Files
kontextual-engine/docs/ingestion-implementation.md

85 lines
3.2 KiB
Markdown

# Ingestion Implementation Note
Date: 2026-05-06
Status: first implementation slice for `KONT-WP-0006`.
## Purpose
This note records the first governed ingestion implementation built on top of
the asset registry service. It turns local source files into stable knowledge
assets with source and normalized representations while preserving source
provenance, actor context, auditability, and inspectable ingestion job state.
## Implemented Package Shape
```text
src/kontextual_engine/
core/ingestion.py
ports/ingestion.py
services/ingestion_service.py
adapters/local_files/
adapters/builtin_extractors/
adapters/markitect_tool/
```
The new `AssetIngestionService` is separate from the older artifact-era
`IngestionService` compatibility facade in `src/kontextual_engine/ingestion.py`.
## Implemented Capabilities
- Durable `IngestionJob` state with queued, running, completed, failed,
partially completed, retried, quarantined, and canceled statuses.

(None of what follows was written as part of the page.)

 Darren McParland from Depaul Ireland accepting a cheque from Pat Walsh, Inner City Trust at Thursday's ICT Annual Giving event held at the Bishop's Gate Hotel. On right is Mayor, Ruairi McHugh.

- Structured ingestion failures with retriable flags and diagnostic details.
- Connector and extractor port contracts owned by the engine.

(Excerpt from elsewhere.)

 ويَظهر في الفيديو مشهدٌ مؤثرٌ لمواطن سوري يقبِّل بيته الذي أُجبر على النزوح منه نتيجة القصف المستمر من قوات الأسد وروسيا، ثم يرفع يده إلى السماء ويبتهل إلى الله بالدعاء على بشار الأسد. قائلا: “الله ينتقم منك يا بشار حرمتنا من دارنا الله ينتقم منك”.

- Local file connector with source references, checksums, media type detection,
file metadata, and directory file iteration.

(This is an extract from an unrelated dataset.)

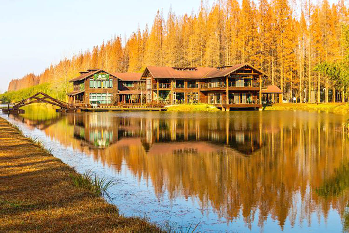 宛如上海東北角的一塊璞玉,在黃浦江的濤聲裡,暈染出都市中難得的自然野趣。全園1965畝土地上,1870畝森林肆意生長,這裡北園盡顯森林野趣,丘陵、湖泊、草地錯落有致,高大的水杉、香樟遮天蔽日;南園萬竹園則是江南水鄉縮影,小橋流水,竹影婆娑。春日裡,二月蘭織就紫色花毯,玉蘭潔白如雪;秋日時,層林盡染,五彩斑斕。
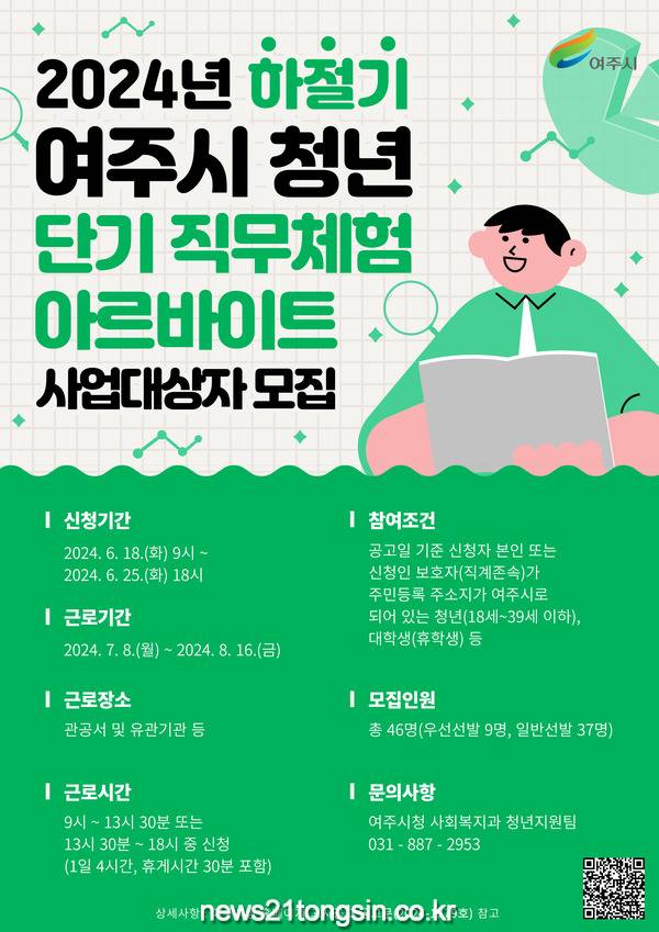 여주시는 하절기 단기간을 이용하여 여주시 청년에게 사회경험의 기회를 제공하고자 청년 단기 직무체험 아르바이트 사업을 추진한다.

- Plain text extractor producing a normalized engine representation.
- Markitect markdown extractor adapter boundary that delegates markdown parsing,
headings, sections, frontmatter, and snapshot identity to `markitect-tool`
when available.
- Synchronous first-run ingestion flow that creates governed assets through
`AssetRegistryService`.
- Source and normalized `AssetRepresentation` records for ingested files.
- Metadata records for connector, extractor, source digest, source media type,
size, and extraction metadata.
- Failed unsupported-media ingestion records job failure without adding an asset
to the trusted registry.
- Directory ingestion with per-file child jobs and partial result accounting.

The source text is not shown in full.